Data items —
╭──

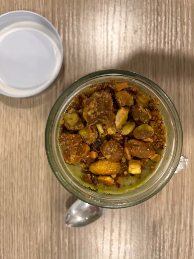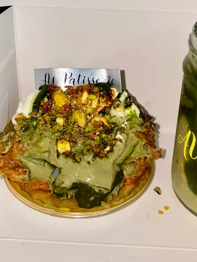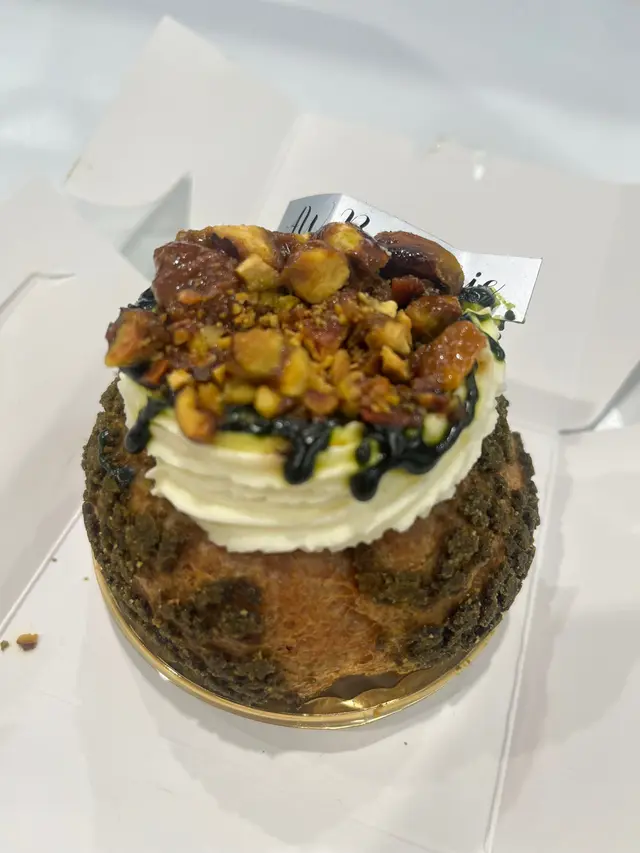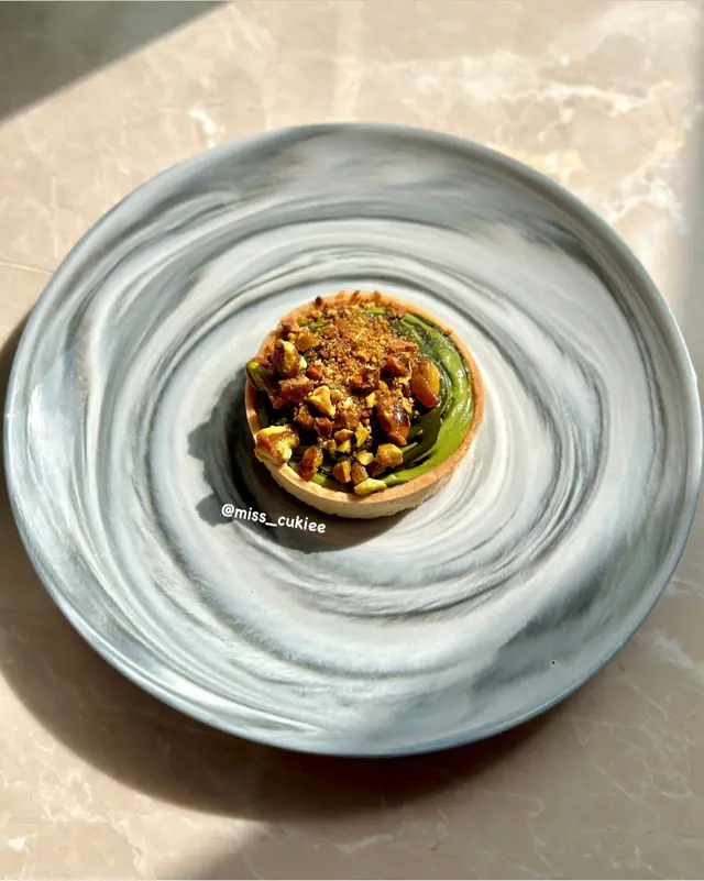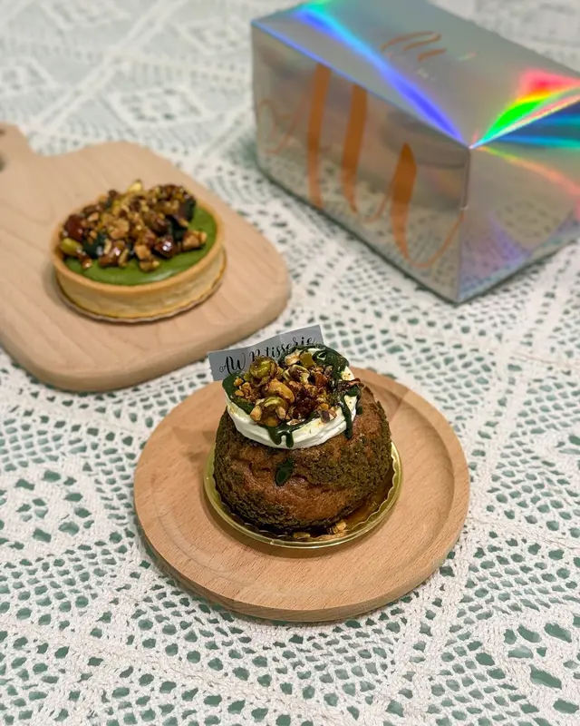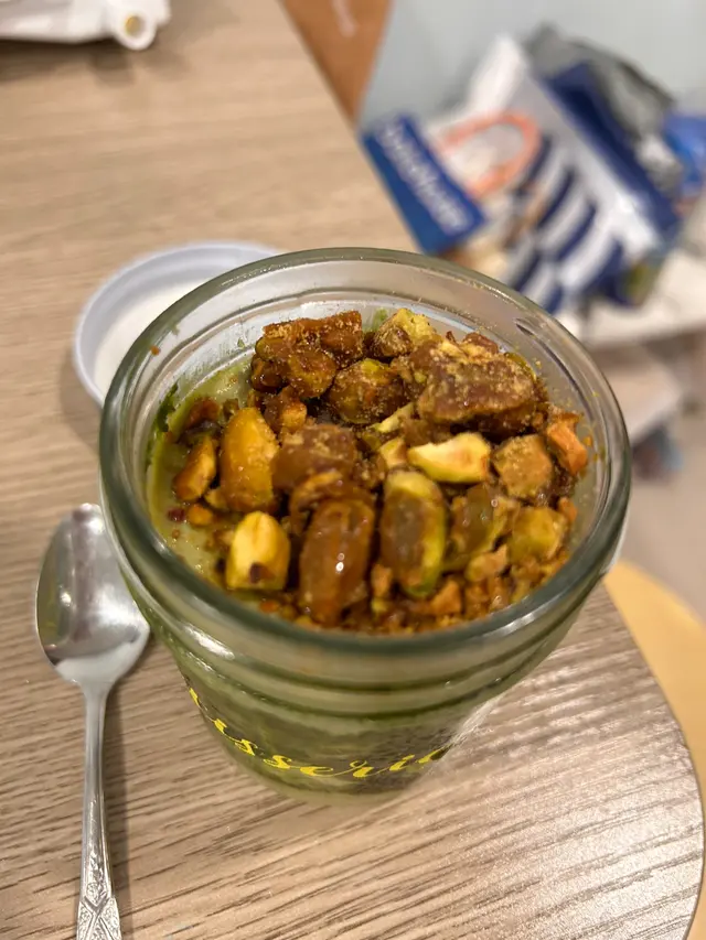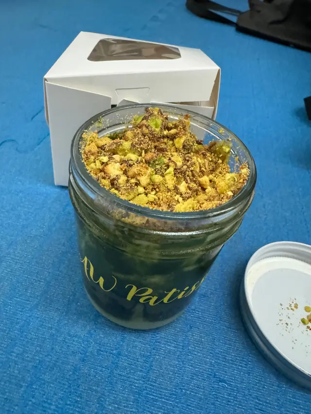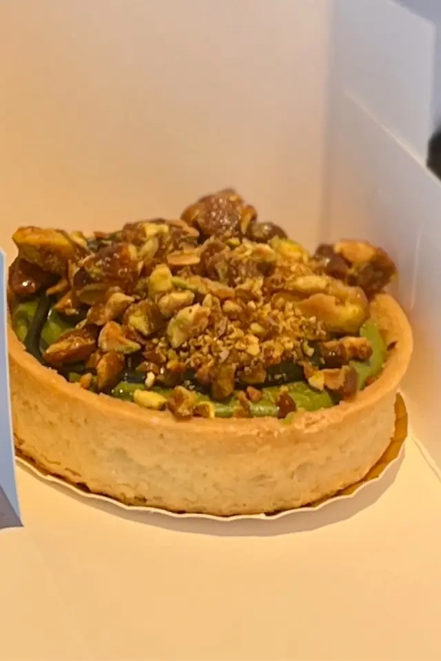 身為一個忠實嘅開心果粉,我已經嚟過呢間店幾次。試過佢大部份嘅開心果產品。啱啱試咗佢嘅開心果撻,簡直正到即刻要寫食評。開心果他層次好豐富有一個合格嘅餅底,可以揀朱古力或者原味,我驚朱古力搶咗開心果味,所以揀咗原味,不過不失。開心果醬味道都算幾濃,入邊嘅麻糬好煙靭,最正嘅當然係佢上面嘅自家製焦糖炒開心果碎!呢一堆開心果碎,簡直係佢呢間店舖嘅靈魂。之前食過佢嘅開心果盒,都俾佢上面嗰一堆開心果碎吸引住,其實下面嘅蛋糕,唔算有乜特別,不過都係好食嘅。佢嘅泡芙都唔錯,應該都係差唔多嘅開心果醬,味道都算濃郁。如果可以嘅話,我好想買一大杯自家製焦糖炒開心果碎返屋企🤣Read More
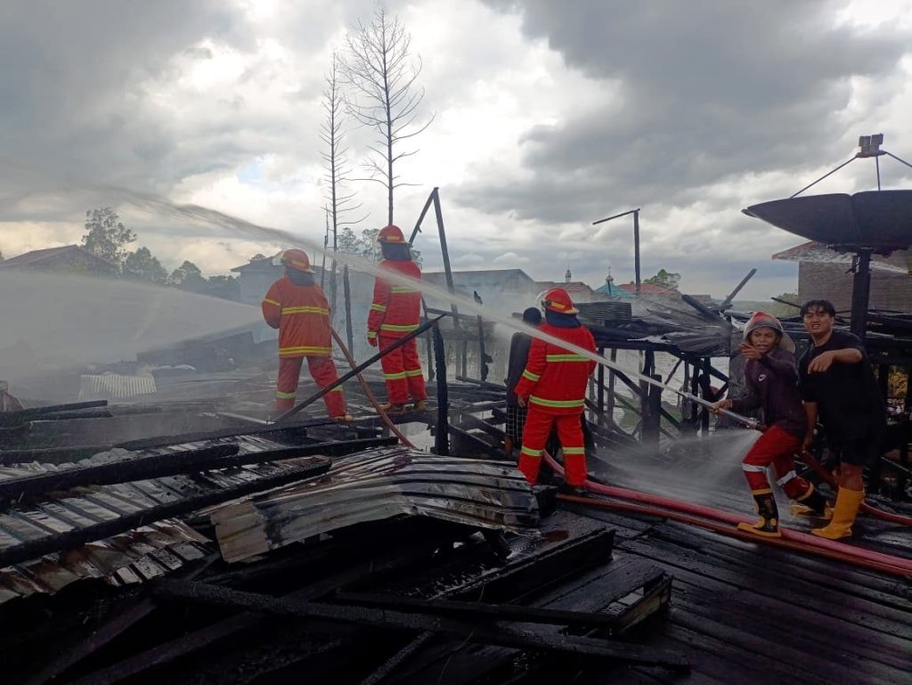 “Petugas menerima laporan pukul 15.15 WITA dan langsung bergerak. Saat tiba, api sudah menghanguskan dua rumah dan satu bangunan walet,” ujarnya.
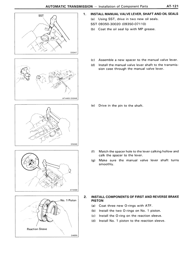 AUTOMATIC TRANSMISSION — Installation of Component Parts AT-121
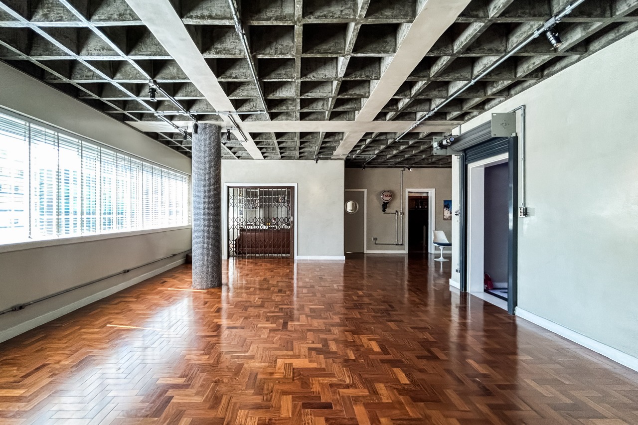 Áreas íntima e social com piso original em taco de madeira em ipê rosa e suíte com piso de madeira de demolição.
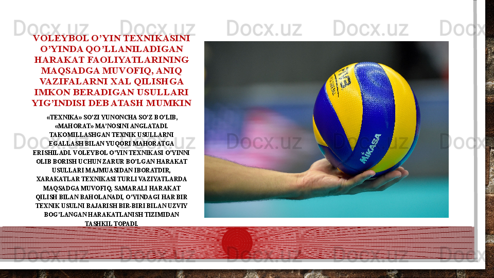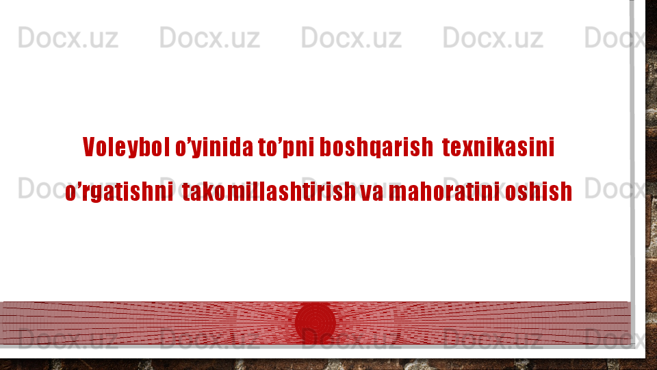 Voleybol o’yinida to’pni boshqarish texnikasini o’rgatishni takomillashtirish va mahoratini oshish
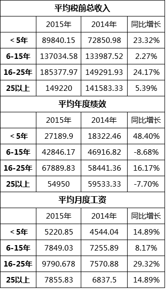 与2014年的调查结果相比,2015年不同从业年限出版从业人员之间的收入差距要更为明显。其中,从业16-25年的收入水平最高,2015年平均税前总收入为185377.97 元,比2014年同样从业年限的人员增长了24.17%;从业25年以上的次之,2015年平均税前总收入为149220.00 元,比2014年同样从业年限的人员增长了5.39%;从业6-15年的位居第三,2015年平均税前总收入为137034.58元,比2014年同样从业年限的人员增长了2.27%;从业5年以下的最低,2015年平均税前总收入为89840.15元,比2014年同样从业年限的人员增长了23.32%。

╰──

Exercise aim —
The response should consist of the lines above from the first through the one containing "menerima laporan pukul", transcribed exactly, with every picture left out.

Exercise result —
 身為一個忠實嘅開心果粉,我已經嚟過呢間店幾次。試過佢大部份嘅開心果產品。啱啱試咗佢嘅開心果撻,簡直正到即刻要寫食評。開心果他層次好豐富有一個合格嘅餅底,可以揀朱古力或者原味,我驚朱古力搶咗開心果味,所以揀咗原味,不過不失。開心果醬味道都算幾濃,入邊嘅麻糬好煙靭,最正嘅當然係佢上面嘅自家製焦糖炒開心果碎!呢一堆開心果碎,簡直係佢呢間店舖嘅靈魂。之前食過佢嘅開心果盒,都俾佢上面嗰一堆開心果碎吸引住,其實下面嘅蛋糕,唔算有乜特別,不過都係好食嘅。佢嘅泡芙都唔錯,應該都係差唔多嘅開心果醬,味道都算濃郁。如果可以嘅話,我好想買一大杯自家製焦糖炒開心果碎返屋企🤣Read More
 “Petugas menerima laporan pukul 15.15 WITA dan langsung bergerak. Saat tiba, api sudah menghanguskan dua rumah dan satu bangunan walet,” ujarnya.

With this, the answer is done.